PostgreSQL procedural languages overhead (plpython / plsql / pllua…)

plpgsqlplpythonpostgresql

I'm trying to find information about PostgreSQL user defined functions in procedural languages performance for real time tasks.

  1. How does they compare to builtin functions?
  2. Is there any difference (in overhead) how Postgres call / manage plpython vs plpgsql vs pllua functions (I'm interested in the Postgres integration / context / data transfer side, not the VM itself)?
  3. Is the context a big overhead? Can I use it for realtime data mapping (let's say 1000 queries/s))
  4. Is there any benefit of writing user defined functions in plpgsql then other pg/language? On the documentation they enumerate advantages, but I think they apply to all postgresql procedural languages.

Related findings:

Best Answer

  1. UDFs in interpreted languages are pretty much always slower than UDFs written in C or built-in functions, all other things being the same.

  2. Each language binding has different code to connect PostgreSQL to the language, with different degrees of optimisation, different ways of passing some data types, etc. So variation certainly exists. It shouldn't be huge unless you're passing a data type that gets very different handling by one language than another, e.g. one passes a hstore as a string, and another converts it to a dict.

  3. Unclear what "the context" is. Can you use it for "real time data mapping" ... well, depends on what the function does and if it's fast enough on the server it's running on, for the clients it's taking to, and for your requirements. How long is a piece of string? Benchmark.

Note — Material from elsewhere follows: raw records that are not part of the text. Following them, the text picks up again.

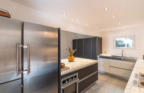 Villa SKRUTTEN consists of four air-conditioned bedrooms spread across the property. The two master bedrooms are on the main level on either side of the living room, and feature HDTVs and en-suite bathrooms. On the lower level, the other two bedrooms share the same bathroom, a small lounge and a private terrace, perfect for a family with children. You'll be charmed by the romantic décor and the serene atmosphere with cushions and colorful artworks.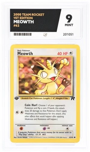 MEOWTH 1ST EDITION TEAM ROCKET 62/82 2000 VINTAGE WOTC ACE GRADING MINT 9 | 62/82 | 9 | No | £22.00 | £0.02 | +£21.98 | +109900.0% | 2026-02-21 | View listing | |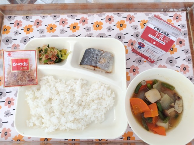 3/5今日の給食は「さごしの塩こうじだれかけ、さといもと野菜の含め煮、なのはなのおひたし、かつおぶし、ごはん、牛乳」です。
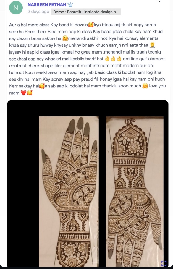 This course has been designed keeping beginer in mind. It work on fundamentals and tecniques of mehndi art. If you are somone who wants to explore this art in depth or just as hobby to start with then this course is for you. If you are someone who wants to strengthen your foundation work and clear all basic weaknesses then this course is for you. If you are someone who have attended many courses from basic to advance but still feels your work is lacking something then this course is indeed for you because in your hassle to learn everything you have forgotten to learn basics.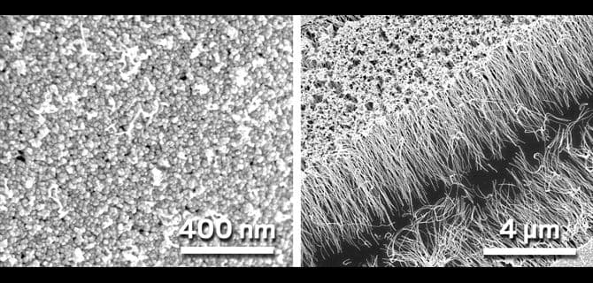 By growing a forest of fine, densely packed gold nanowires on a rubbery surface, researchers have made ultrastretchable conductive films for electronic devices. The film can stretch up to nine times its original dimensions, greater than any elastic conductor made so far. Soft, thin, and stretchable electronics could be the basis for sensors that can […]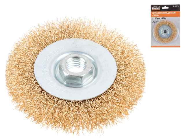 Щетка дисковая гофр.100мм/M14 GEPARD (GP0892-100) (плоская, для УШМ, в блистере)
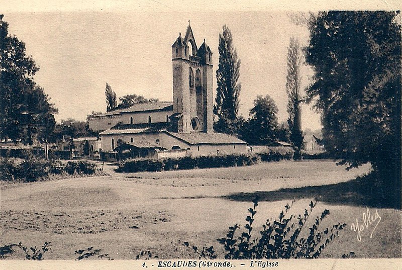 L'église Notre-Dame d'Escaudes est une église catholique située au centre du bourg d'Escaudes, en Gironde, avec son cimetière jouxtant l'édifice. Elle a été édifiée vers le XIe ou le XIIe siècle, réaménagée au XVIe siècle — période au cours de laquelle le clocher‑mur a été construit — puis agrandie au XVIIe siècle. L'ensemble de l'édifice a été inscrit au titre des monuments historiques par arrêté du 24 décembre 1925. Parmi ses éléments caractéristiques figurent le clocher‑mur, le portail à une voussure avec piliers simples et le chœur, visibles sur des photographies datées de juillet 2011 et sur une gravure de Léo Drouyn (1884). L'église est documentée dans les bases et observatoires du patrimoine, notamment Mérimée et Palissy, et fait l'objet de notices et de ressources disponibles sur le site de la commune, sur Wikimedia Commons et dans la presse locale.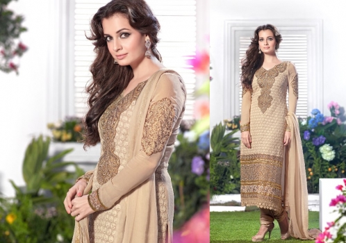 Chikoo georgette kameez, Chikoo santoon bottom, Chikoo chiffon dupatta with Zari, resham embroidery with stone work and Crosia lace border.
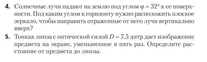 4. Солнечные лучи падают на землю под углом ф = 32° к ее поверх- ности. Под каким углом к горизонту нужно расположить плоское зеркало, чтобы направить отраженные от него лучи вертикально вверх? 5. Тонкая линза с оптической силой D = 7,5 дптр дает изображение предмета на экране, уменьшенное в пять раз. Определите рас- стояние от предмета до линзы. Срочно!!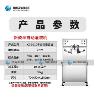 名稱半自動灌裝機 電源220v 功率 產(chǎn)量10-25公斤 尺寸700*500*1360mm 重量60kg 規(guī)格 其他
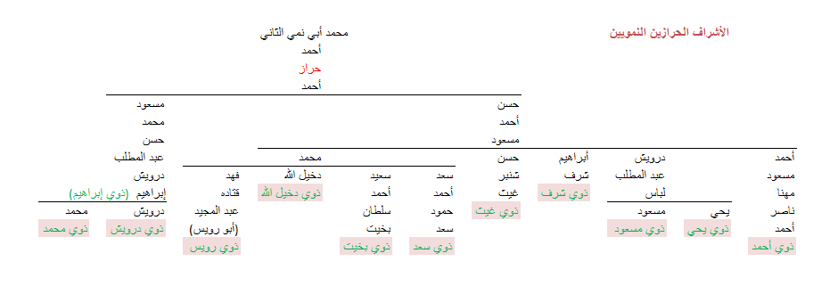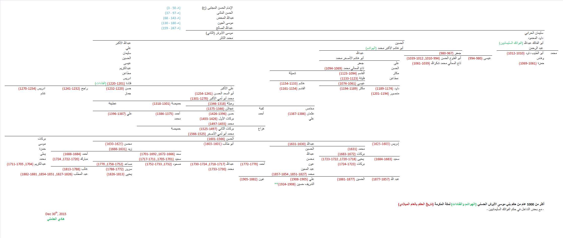4) مشجر بني موسى الأبرش (الهواشم والقتادات) – أمراء مكة المكرمة. أكثر من 1000 عام حُكْم لمكة المكرمة مع بعض التداخل للفواتك السليمانيين:

  4. PL/PgSQL is simpler to write, and offers faster access to SQL. It's generally better when you need to wrap a little logic around a lot of SQL. It's very slow for mathematical operations and complex algorithms, so purely computational code in PL/PgSQL should be avoided whenever possible in favour of C, or a faster procedural language.

Speedups when re-implementing PL/PgSQL code in C can vary from neglible to over 1000 times. It all depends on what the code is actually doing.

(This kind of multi-question isn't well suited to Stack Exchange as it's harder to have a definitive answer)